Nice post from Philip here. Personally I think the physical retail presence and access to HEAVY BOOK BUYERS and BROWSERS via that retail presence is the key to Barnes & Noble’s success with the Nook.
It’s an odd story in a way but it reinforces the idea that one of the key weapons in the future of the industry is knowing the customer OR having access to them directly. The three winners in the ebook space right now, Apple, Amazon and Barnes & Noble all have either huge databases of customer information or direct access to them in places where they part with their money, we shouldn’t miss that when thinking about this today.
Many people wrote off the Nook when it first launched in the US. The name was a bit, well, odd. It had a funny colour strip that didn’t serve much use, except to show book jackets. The e-books available weren’t cheap enough, when compared to Amazon’s overly aggressive pricing. And it had initial shipping problems, a sure-fire technology killer. It was seen as the last gasp of a dying mammal washed ashore by a particularly arch digital wave.
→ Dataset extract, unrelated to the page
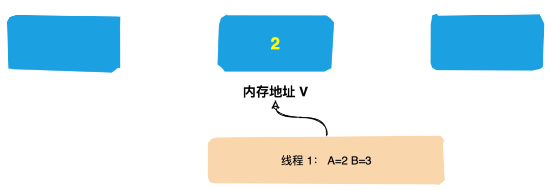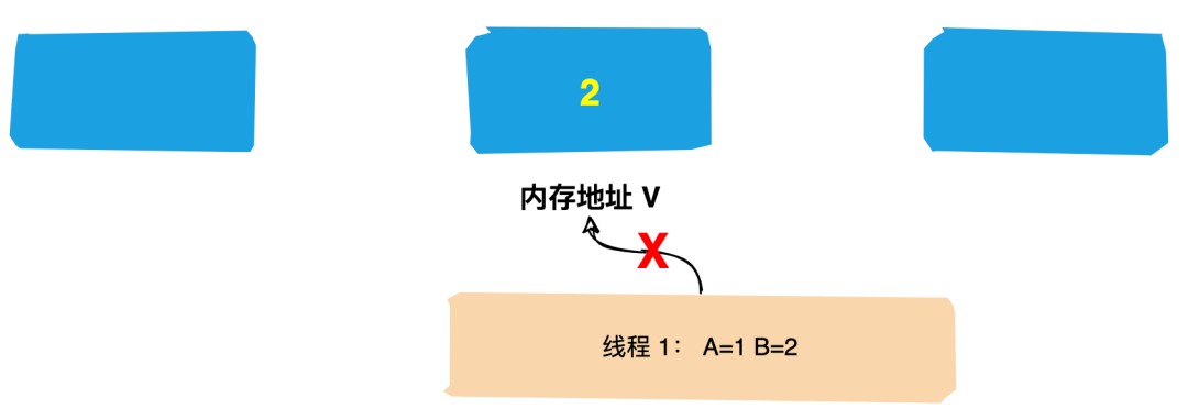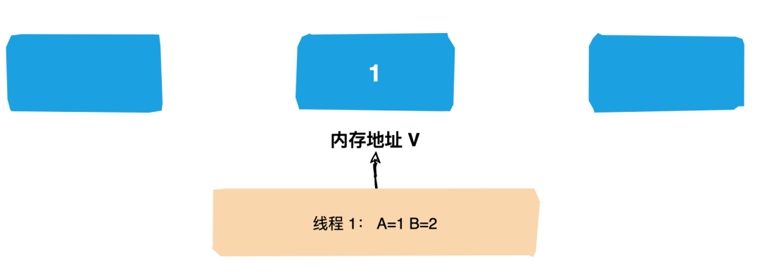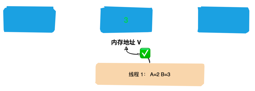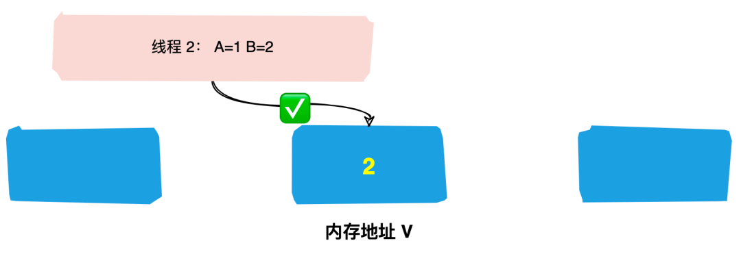 (2)线程1想要把内存地址为 V 的变量值增加1。这个时候对线程1来说,旧的预期值A=1,要修改的新值B=2。

We neglected to look at the two key advantages it had over the Kindle. There was the innovative sharing function, which Amazon has now copied, that gave users a sense of having purchased something tangible—not just a license to read. And of course the ability to read any book for free in one of the chain’s 700 shops, making a physical connection to the shops via digital. The latter gave it something Amazon could never have.